If the latter story is true, then Arthur was technically foreign-born, and in 1829, citizenship in such cases passed to the child only if the father was a United States citizen, and, of course, at this point Arthur’s father was still a citizen of the British Empire.

The principal advocate of the “born in Canada” theory was Arthur’s fellow New York lawyer Arthur P. Hinman who was hired in 1880 by the Democratic Party to investigate Arthur’s ancestry.  Hinman initially undermined his owned credibility by embracing an argument that Arthur was himself born in Ireland and didn’t come to the United States until he was fourteen years old.  That story was patently false and easily disproven.

However, Hinman later discovered acquaintances of the Arthur family in Canada who told him the story of Arthur’s accidental Canadian birth.  Convinced that he now had proof of Arthur’s foreign citizenship, he published his findings in 1884 in a short book entitled How a Subject of the British Empire Became President of the United States.  Hinman’s book appeared near the end of Arthur’s presidency, and no official action was ever taken on the basic of his alleged evidence.
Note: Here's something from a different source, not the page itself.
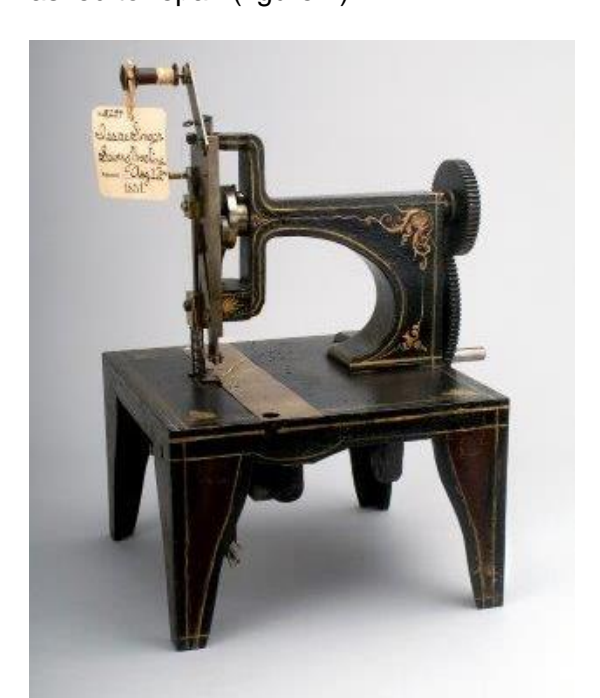
Figure 2: I.S. Singer, Sewing machine, patent model, 1851, Nat. Mus. of American History, Smithsonian Institution, Washington

Sewing by hand is a time-consuming process and American inventor and businessman Isaac Merritt Singer (1811-1875) tried to find a solution. In 1851 he presented his new and improved domestic sewing machine, based on a Lerow and Blodgett sewing machine he was asked to repair (figure 2).

Arthur himself always insisted that he was born in Vermont, but he may not have known the place of his birth. By the time he was six years old, his family had left Vermont for New York, and he never lived in the Green Mountain State again.  It is possible that his parents considered the circumstances of his Canadian birth to be personally embarrassing and never shared the details of the story with him.

An investigation by the Boston Globe earlier this year — no doubt inspired by the Birther controversy — confirmed that there are no official records regarding Arthur’s birth in either Vermont or in Canada.  See Boston Globe, “Chester Arthur Rumor Still Lingers in Vermont,” August 17, 2009.

We will probably never know if Arthur was really eligible to be president of the United States in 1881.